# Mary Jane Wine



## Shayne Edwards (Sep 1, 2018)

This is a quick question for the folks living in California, Colorado and Canada, have you ever tried making Marijuana Wine?

The reason for the question is that a friend, whose wife is about to undergo chemo asked me if it was possible, with the thought of helping her with nausea and appetite loss. 

I explained that I think the time frame required wouldn’t allow it to be of use but it is an interesting question none the less.


----------



## meadmaker1 (Sep 2, 2018)

There was a thread about a year ago. I asked moderators to say yea or ney to the content. 
They did not.
So hear goes. 
From Oregon. 
Used only good stuff no leaf no stems, 
packed a qt jar as full and tight as possible
Mixed it with two lbs of honey and easily returned it back to the qt jar. 
Included this jar while pressure cooking several qts of honey to carmelize it.
My intent was to heat it to produce an intoxicating drink, it wasn't/ isn't.
I ran sg up to 1.300 with sugar added a can of apple juice concentrate and a can of cranberry juice concentrate And the juice and zest of 1 lemon.
Ec1118, yeast neutreants ect

I didnt expect it to taste good at all, as is the case with most edibles.
Planned for it to be strong in abv and thc/cbd's. 
Expecting to be a thing to take a shot of not sit and sip.
It turned out.
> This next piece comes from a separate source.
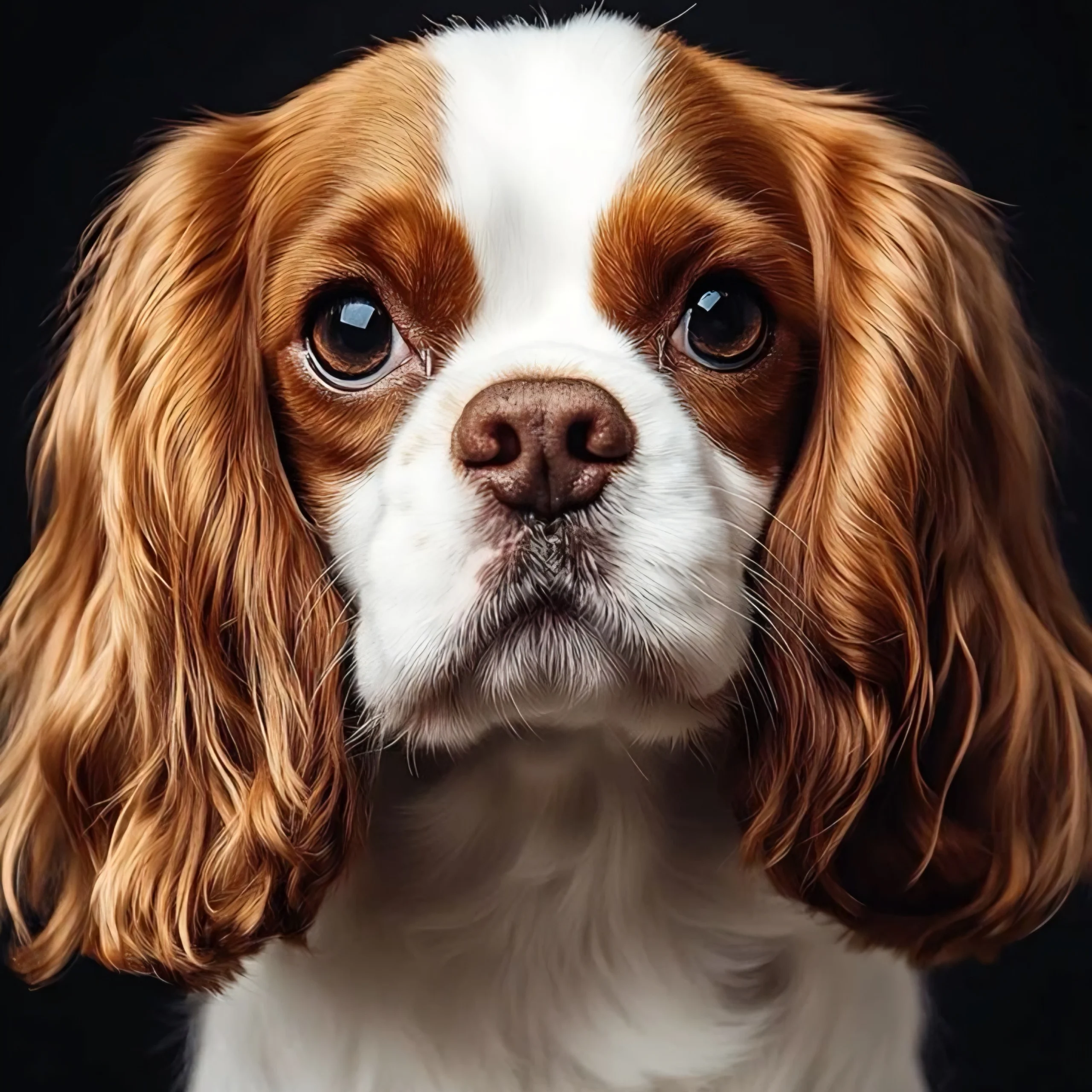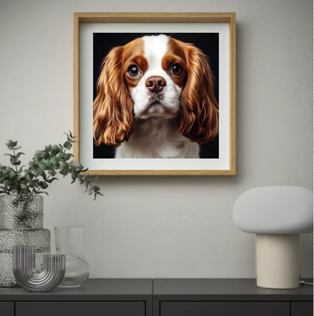 De compositie is intiem en hartverwarmend. De donkere achtergrond laat zijn zachte blik nog meer spreken, alsof hij net naar je toe komt voor een knuffel. Het geheel ademt zachtheid, trouw en een bijna koninklijke charme — precies wat deze honden zo geliefd maakt.

It does have an odd vegative back taste but absolutley not the typical lawn clipping thing that everyone whos tried eating weed knows.

If you are after the intoxicating effects of weed this is a waist of product
If cbd's are your goal i cant speak too that
As far a wine, it's a novelty, its differant and hard to describe.
I think it would lend itself to a beer better. Weed for hops.


----------



## Shayne Edwards (Sep 4, 2018)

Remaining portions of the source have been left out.